# In the Caves of the Forgotten. . .then what?



## HLGStrider (Dec 28, 2003)

But Ar-Pharazon the King and the mortal warriors that had set foot upon the land of Aman were buried under falling hills: there it is said that they lie imprisoned in the Caves of the Forgotten, until the Last Battle and the Day of Doom. 

Reading this gave me two very different ideas. 

One: During the Last Battle, Melkor will break open the Caves of the Forgotten and claim Ar-Pharazon as his thrall. Then Ar-Pharazon will fight against the Valar, eventually being defeated and punished for his evils.

Two: During the Last Battle, Ar-Pharazon and his men will be called upon by the Valar to fight for them against Melkor in order to redeem himself and make up for the evils he has caused.

Both of these have a certain appeal. Both would be dramatic. One has a sense of mercy, the other of justice. 

Which is more likely? I think most of us will prefer two. However, one seems more likely based on Ar-Pharazon's reputation. . .though two seems more likely based on Manwe's reputation for forgiving.

Another option is that Ar-Pharazon and his men will have a choice, to repent and join the Valar or remain with Melkor who they alligned themselves with.

A fourth option is that the cave will collapse and they'll all be destroyed or something like that.

Does anyone have a fifth? What do you think of mine? 

Just wondering. . .


----------



## Helcaraxë (Dec 29, 2003)

HLGStrider said:


> A fourth option is that the cave will collapse and they'll all be destroyed or something like that.




Hmm..but their immortal souls would live on in the Timeless Halls. It's the same kind of problem as Turin "slaying" Melkor.  But your ideas are good.

MB


----------



## HLGStrider (Dec 29, 2003)

I know their good ideas. All my ideas are good. 
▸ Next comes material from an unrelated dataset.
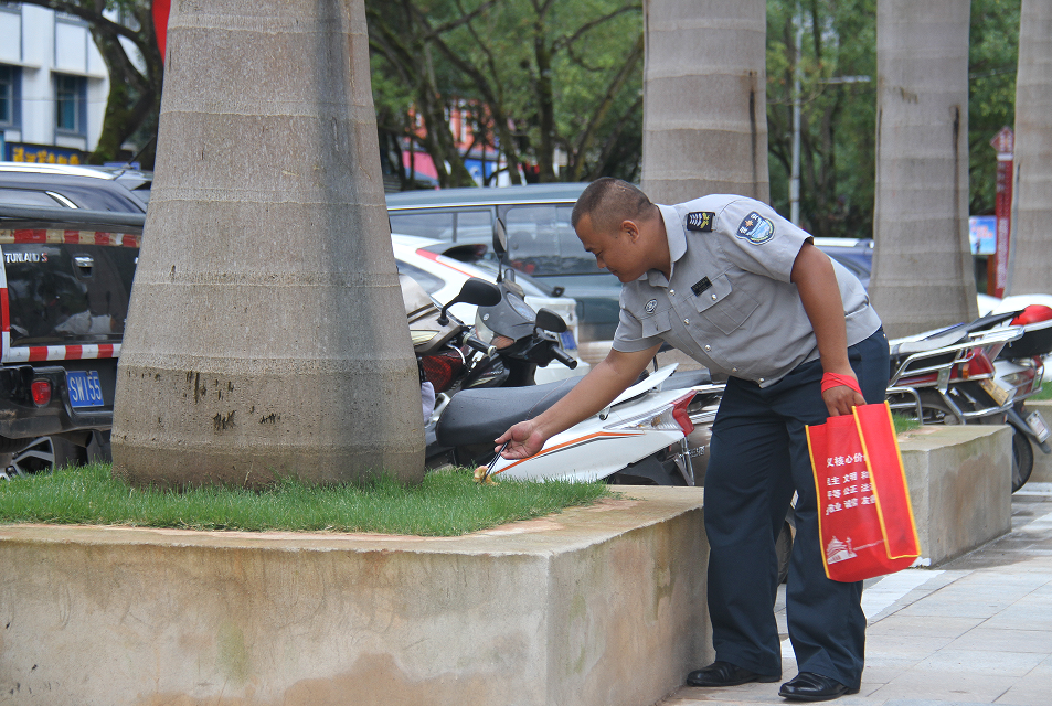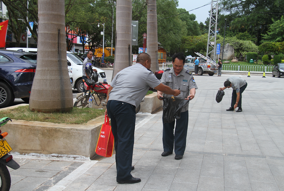 當天下午,他們從思茅世紀廣場出發(fā),沿振興大道、寧洱大道對人行道上的垃圾進行清理;對影響市容市貌的小廣告做了清楚;對個別不嚴格遵守“門前五包”責(zé)任制的商家進行了勸導(dǎo)。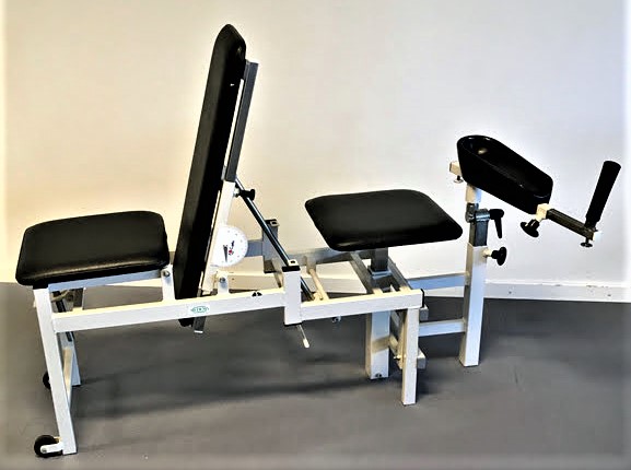 - Bänken har vinkelmätare och hjul för enklare förflyttning.

I wanted to know which was the best idea and if any of the ideas were backable by the text.


----------



## HLGStrider (Jun 17, 2005)

Anyone else know?


----------



## Alatar (Jun 18, 2005)

I think that they will have a choice, as will all men, i think that at the last battle, all men and elves wil be set lose, to fight for Melkor, of the valar. And i think that if i am right the last battle will be great, imagine the LAST ride of the rohirrm, charging down over the plains, millons of them!
Another option is that on the day of doom, they will be reopend and judged by eru for the next song.


----------



## Hammersmith (Jun 18, 2005)

Well the "Everyone joins Melkor" scenario seems very Antichrist-esque, which could be Tolkien's intention. Alternatively, I can't help being reminded of the caverns in the north in Narnia, shown in The Silver Chair and The Last Battle, where creatures issue forth with Old Father Time and make an end of the world. Maybe something like this is planned for these poor bods?


----------



## HLGStrider (Jun 19, 2005)

It is similar imagery, but I don't think of these characters are peacefully sleeping in the caves waiting to be awakened. I think they are trapped there, possibly in a manner more reminiscent of the Paths of the Dead.


----------



## Hammersmith (Jun 20, 2005)

Oh, I know. But it was more the similarity that they could be contained somewhere far off and beneath the earth to be released in an apocalyptic scenario that I saw.


----------



## grendel (Jun 20, 2005)

I think they'll sit there and miss the whole thing, because they've been... um, forgotten.


----------



## Wraithguard (Jun 22, 2005)

Some of your ideas involve punishment after they are liberated. Their punishment is similar to Henry Townshends predicament in Silent Hill 4 where he is chained in his room. They will simply wait there until the end. Then when that end comes, they will be liberated. They will be released to fight in the final battle. Like all of man it doesn't matter who they are told to fight for. They will join whoever they wish beit good or evil. But they must be made to live through the battle to keep their souls out of Valinor. Which in my opinion, they would be the only people to remain in the East, even after the end.


----------



## Alatar (Jun 23, 2005)

Well i alway's think that if the got a alarm clock, set it for the end of the world, then they'd know.


----------



## Ingwë (Jun 24, 2005)

Why do you think that Melkor will come back? I think he is not powerful enough? 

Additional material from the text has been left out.